- Location: 44°46′4″N 16°39′27″E﻿ / ﻿44.76778°N 16.65750°E Sanski Most Gymasium, Sanski Most, Una-Sana Canton, Bosnia and Herzegovina
- Date: 21 August 2024; 23 months ago c. 10:15
- Attack type: School shooting, mass shooting
- Weapon: Automatic rifle
- Deaths: 3
- Injured: 1 (the perpetrator)
- Perpetrator: Mehemed Vukalić
- Motive: Disputed: Retaliation for arguments with the school management (alleged by peers); Delirium caused by post-traumatic stress disorder (self-declared);
- Convictions: Aggravated murder (3 counts); Illegal possession of weapons;
- Sentence: 42 years' imprisonment

= Sanski Most school shooting =

2024 school shooting in Bosnia and Herzegovina

On 21 August 2024, a school shooting occurred inside the Sanski Most Gymnasium, located in Sanski Most, Bosnia and Herzegovina. Mehemed Vukalić, a 62-year-old school janitor, killed three school employees with an automatic rifle before attempting suicide by gunshot. In November 2025, Vukalić was sentenced to 42 years' imprisonment for the attack.

== Background ==
Small arms and weapons have been frequently trafficked in the Balkans since the Yugoslav Wars. Per a 2010 study executed by the United Nations Development Programme, there were around 750,000 illegally owned weapons in Bosnia and Herzegovina. Mass shootings are a relatively rare occurrence in the Balkans, but they had lately seen a small rise, including the Daruvar shooting in neighboring Croatia and the Mladenovac and Smederevo shootings and Belgrade school shooting, both in neighboring Serbia.

== Shooting ==
At around 10:15 a.m. on 21 August 2024, a janitor arrived at the school on his off-day after driving his wife to work. The suspect had returned home to retrieve an automatic rifle owned by his father and two ammunition magazines, smuggling them into the school building in a water pipe. He entered the first floor offices of the school's director and a secretary, killing both with multiple gunshots. The suspect returned to the ground floor, where he shot an English teacher. Afterwards, he attempted to commit suicide by shooting himself in the chest. He survived his self-inflicted wound and was taken into custody.

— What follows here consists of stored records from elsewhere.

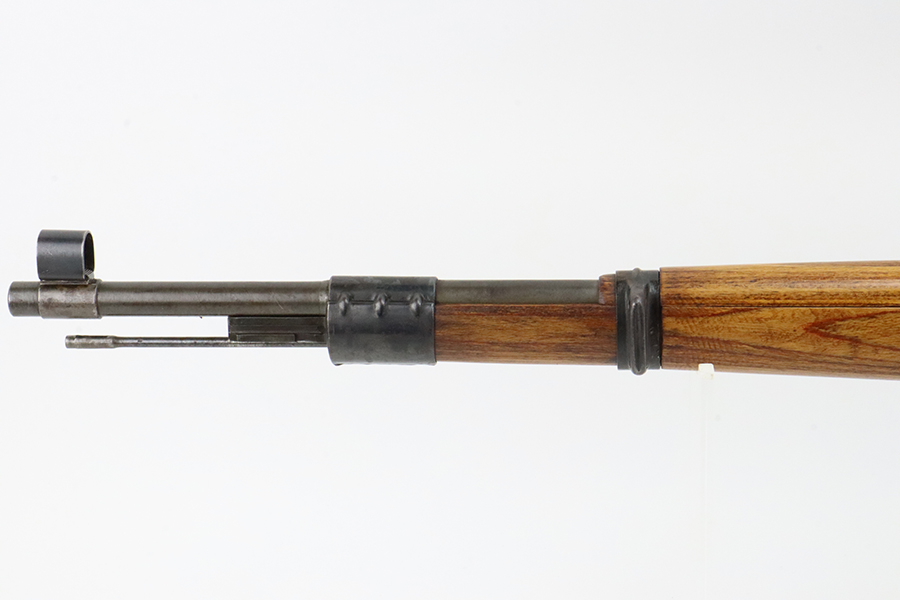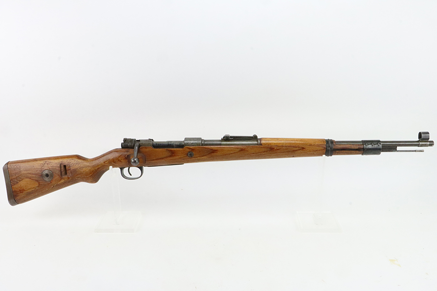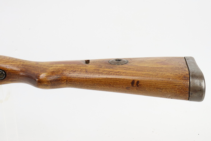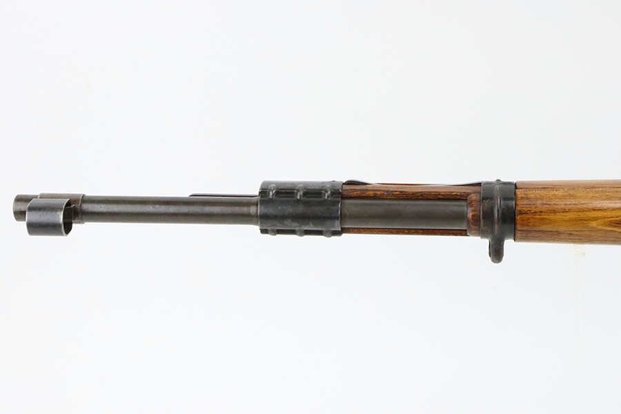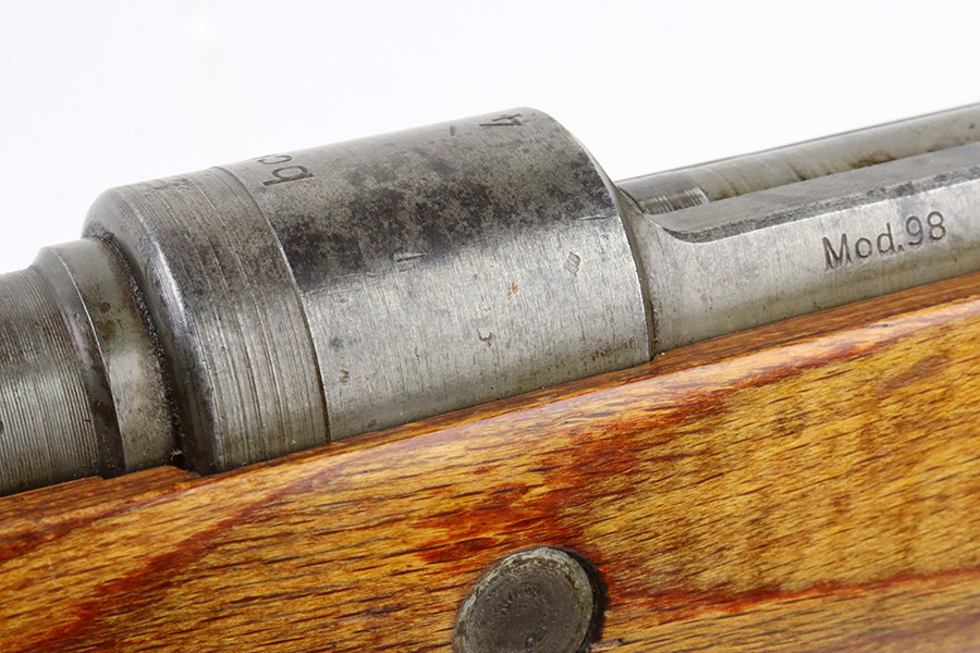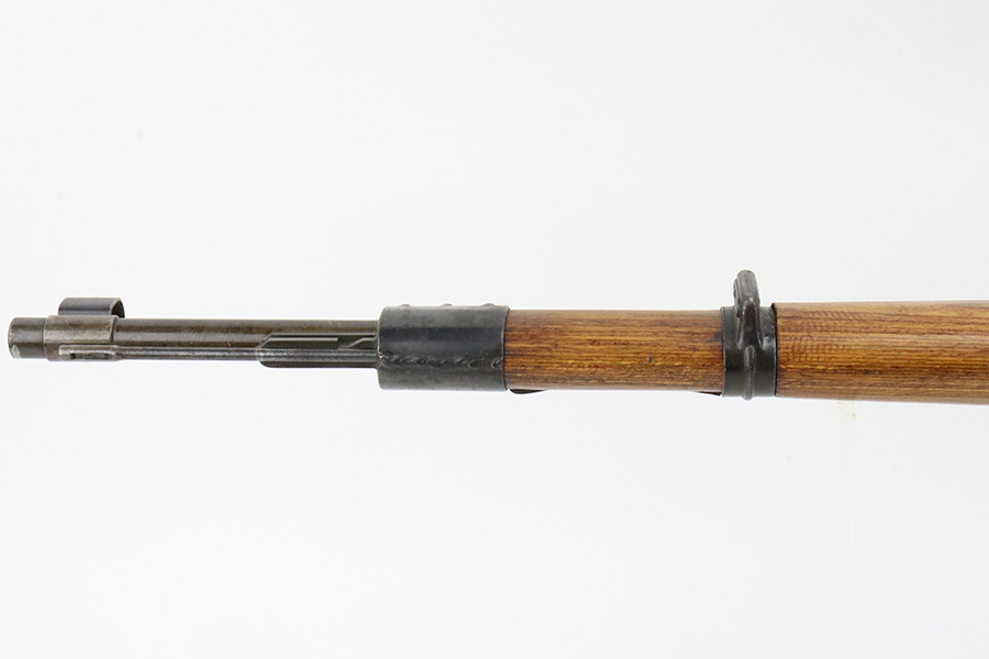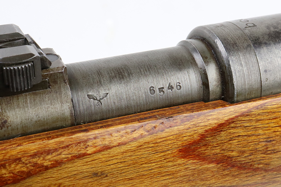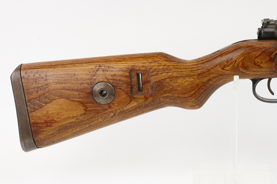 2/29/24 – This is a very nice example of a late-war “bcd 4” Gustloff Werke K98 issued to the Nazi military in 1944. It is all matching and has mixed phosphate and blued parts – the majority of the gun is phosphate. While there is not much actual finish loss, there is spotty discoloration on the phosphate (this is typical). The wood furniture is excellent, but it has been treated with a very thin layer of lacquer. Mint bore.
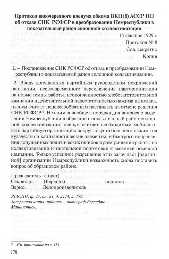 Протокол внеочередного пленума обкома ВКП(б) АССР НП об отказе СНК РСФСР в преобразовании Немреспублики в показательный район сплошной коллективизации. 15 декабря 1929 г. // РГАСПИ. Ф. 17. Оп. 21. Д. 3114. Л. 176. Заверенная копия, подпись-автограф Берендта. Машинопись.
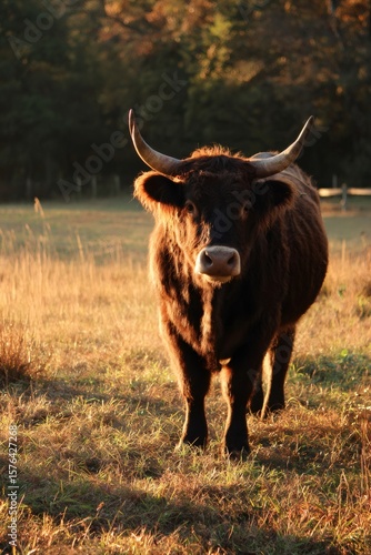 Highland cow standing in golden field, displaying long horns and shaggy coat amid vibrant autumn landscape
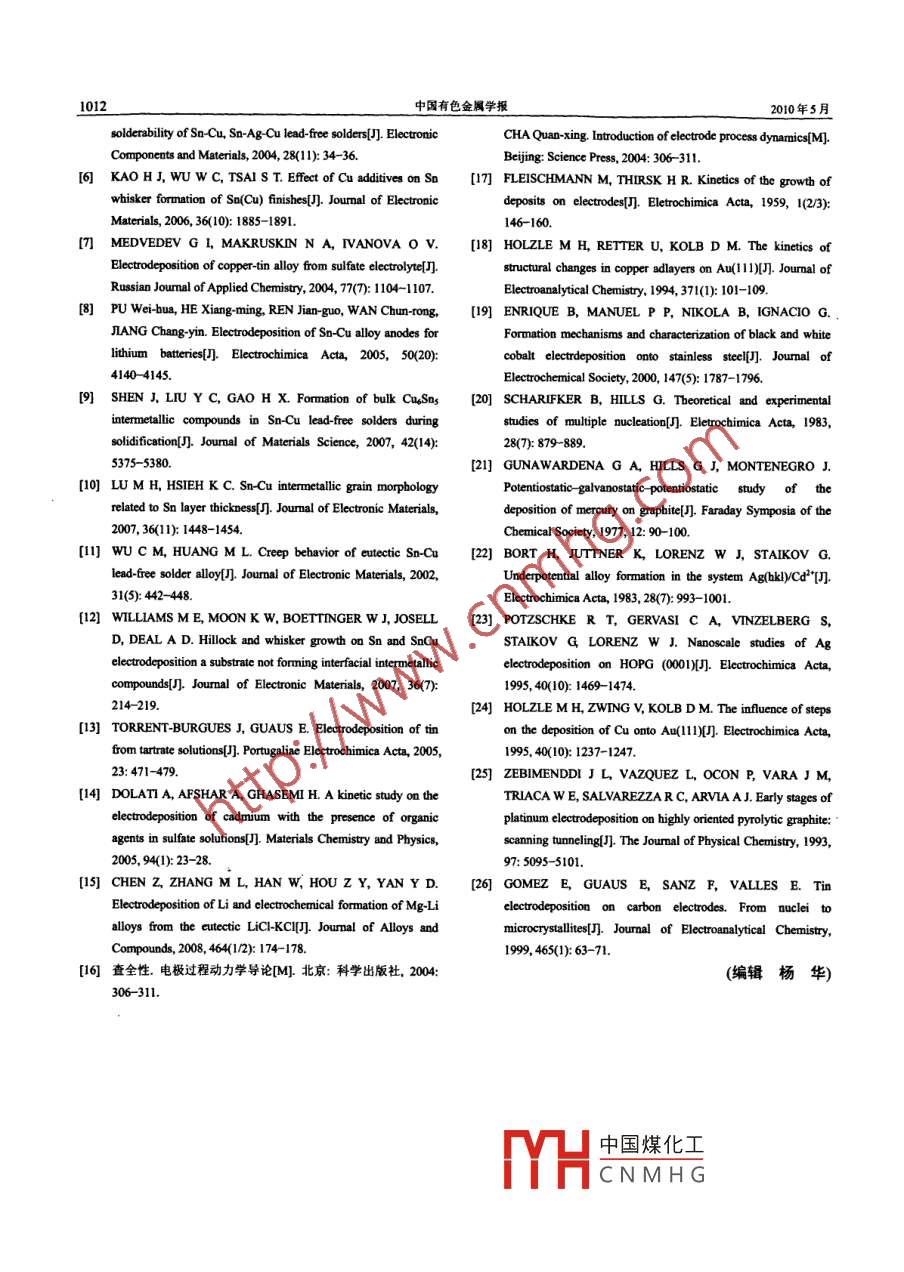 第20卷第5期中國有色金屬學報2010年5月Vol.20 No.5The Chinese Journal of Nonferrous MetalsMay 2010文章編號: 1004-0609(2010)05-1006-07Sn-Cu合金的電沉積行為及添加劑的影響胡煒1,2, 譚澄宇12,崔航',2, 鄭子樵1,2(1.中南大學有色金屬材料科學與工程教育部重點實驗室,長沙410083;2.中南大學材料科學與工程學院,長沙410083)摘要: 利用循環(huán)伏安和計時安培研究Sn-Cu哈金體系在玻碳電極上的電沉積行為,通過陰極極化曲線、SEM觀察及EDS分析討論檸檬酸和硫脲對Sn-Cu共沉積的影響。結(jié)果表明,Sn- Cu共沉積過程為擴散控制的不可逆過程:在沉積電位- 600~-750 mV的范圍內(nèi)Sn-Cu共沉積初期結(jié)晶行為滿足三維Scharifker Hil瞬時成核模型,隨著過電位的增大,形核活性點增多,形核弛豫時間縮短;當沉積過電位大于-700 mV時,Sn2*的擴 散系數(shù)約為6.435X10*cm7/s;檸檬酸和硫脈的加入細化了鍍層晶粒,使鍍層表面更加平整和致密。此外,硫脲的加入降低了鍍層中銅的含量,使合金鍍層中銅的含量維持在0.5%~ 2.0%(質(zhì)量分數(shù))。關(guān)鍵詞: Sn-Cu合金; 形核;循環(huán)伏安:電沉積;中圖分類號: TQ172.84文獻標志碼: AElectrodeposition behavior of Sn-Cu alloy and effect ofadditives on deposition processHU Weil.2 TAN Cheng:yu'., CUI Hang'", ZHENG Zi-qiaol'2(1. Educational Key Laboratory of Non-ferrous Metal Materials Science and Engineering,Central South University, Changsha 410083, China;2. School of Materials Science and Engineering, Central South University, Changsha 410083, China)Abstract: The eletrodeposition of Sn-Cu alay system on the glass carbon electrode was investigated by cyclicvoltammetry (CV) and chronoamperometry (CA). The effet of citric acid and thiourea additives on Sn-Cu alloycodeposition was discussed by cathodic polarization curve, SEM observation and EDS analysis. The results indicate thatthe electrodeposition process of Sn-Cu is an ireversible process controlled by diffusion, and the codeposition of Sa-Cualloy system in the initial stage follows Scharifker-Hills (SH) instantaneous nucleation/growth mechanism in the potentialrange of- 600-- -750 mV. With increasing the overpotential, the activity-point for oucleation increases, and thenucleation relaxation time reduces. When the depositin overpotential is higher than -700 mV, the diffusion coeficientof Sn2+ is 6.435*10*cm2/s. The additin of citric acid and thiourea refines grains in coating and the surface of coatingbecomes more even and compact. The presence of thiourea reduces clearly the copper content in coating and makes thecopper content remain in the range of 0.5% -2.0%(mass fraction),Key words: Sn-Cu alloy; nucleation; cyclic voltammetry; electrodeposition電子產(chǎn)品中使用的印刷電路板和表面貼片元件表Sn-Pb合金鍍層是傳統(tǒng)電子電鍍中廣泛使用的可焊性面通常都需要電鍍可焊性鍍層來實現(xiàn)二者的互聯(lián)。鍍層中國煤煤化工時環(huán)境造成了嚴重基金項目:民門配套資助項月(MKPT98.106)TYHCNMHG收稿日期: 2009-06-01; 修訂日期: 2010-01-15通信怍者:譚澄字,教授,博七: 電話: 03188830270; E-mail: tacbeay@abo.co.cno第20卷第5期胡煒,等: Sn-Cu合金的電沉積行為及添加劑的影響1007污染。在歐盟WEE和RoHS指令中,鉛已經(jīng)被明確禁極。電鍍工藝流程為乙醇除油→蒸餾水洗.10%稀硫止在電子產(chǎn)品中使用2,我國也于2007年3月1日正式酸除氧化膜→蒸餾水洗→磷酸擦拭活化表面→電鍍施行《電子信息產(chǎn)品污染控制管理辦法》,確定了對電Sn-Cu合金- +蒸餾水洗→干燥。利用Sirion200型場發(fā)射子信息產(chǎn)品中含有的鉛等多種有毒、有害物質(zhì)限制或掃描電鏡觀察合金鍍層的微觀表面形貌及對鍍層成分禁止使用,因此,需要開發(fā)無鉛可焊性鍍層以實現(xiàn)電進行EDS分析。子封裝行業(yè)的可持續(xù)發(fā)展。由于Sn-Cu合金鍍層的綜合性能較好,因此,.2 電化學測試Sn-Cu合金鍍層成為最有發(fā)展前途的可焊性鍍層之實驗采用CH1660C型電化學工作站(上海辰華)分其主要表現(xiàn)為低毒、沉積速度快、可焊性好、成別對Sn-Cu鍍液體系進行陰極極化曲線、循環(huán)伏安及本較低,且還具有在波峰焊過程中不污染焊料等優(yōu)點。計時安培測試,研究Sn-Cu合金共沉積機理,探討添Sn-Cu合金鍍層釬料既適宜于表面貼裝的再流焊,也加劑對合金沉積的影響。所有電化學測試都采用三電適用于接插型的波峰焊,是最具研究和應用價值的極體系,以玻碳電極為工作電極,輔助電極采用大面Sn系鍍層體系。OKADA等)研究表明,Sn-Cu(0.1%~積光亮鉑片,232型飽和甘汞電極為參比電極。極化曲0.2%)合金具有很強的抗錫須生長能力,即使在高溫下線掃描速度為1 mV/s,循環(huán)伏安掃描速度為100 mV/s;也有很好的可焊性。日本上村工業(yè)公司開發(fā)的Soft溶液溫度控制在(25士1)C。Alloy GTC220型電鍍液,很好地解決了晶須的產(chǎn)生問題,已具備電鍍作業(yè)性良好和成本低廉等優(yōu)點。目前,2結(jié)果與分析報道有關(guān)Sn-Cu合金鍍層研究的文獻不多,并且大多數(shù)都集中在制備工藝、鍍液組成及相關(guān)性能方面412),2.1循環(huán)伏安分析有關(guān)電化學共沉積過程與電結(jié)晶機理的研究報道較圖1所示為不同掃描速度下Sn-Cu合金鍍液的少。TORRENT-BURGUES和GUAUS [1]對純錫體系在循環(huán)伏安曲線。從圖1(a)可以看出,隨著掃描速度酸性條件下的電結(jié)晶行為進行研究。結(jié)果表明:錫的的加快,正掃過程中的還原峰電流逐漸增大,還原電電結(jié)晶行為遵循擴散控制的三維瞬時形核機制,添加

Some school employees reported that the suspect had entered into disputes with the school management and was suffering from post-traumatic stress disorder after serving in the Yugoslav People's Army.

== Victims ==
The deceased victims were identified as:

- Nijaz Halilović (born 1961), school director
- Gordana Midžan (born 1959), English teacher
- Nisveta Kljunić (born 1959), secretary

== Aftermath ==
A day after the shooting, Vukalić was in stable condition after undergoing surgery.

A three-day period of mourning was declared in Sanski Most because of the shooting.

On 18 December 2024, Vukalić pleaded not guilty to three counts of aggravated murder and one count of illegal possession of weapons. In September 2025, his trial began at Bihać Cantonal Court. In his testimony, the suspect claimed to have little memory of the shooting and that he had been feeling a noise and tingling in his head. The suspect described feeling in "delirium" with memory gaps, such as taking the gun from home and walking through the school, stating he made the suicide attempt in regret of his actions after regaining full awareness. He also issued an apology and said he had heard a voice telling him to hurry, which prompted a psychological evaluation. In October 2025, two psychological assessors stated that the defendant was mentally impaired at the time of the shooting. Families of the victims disputed the neutrality of this claim.

On 17 November 2025, Vukalić was sentenced to 42 years imprisonment.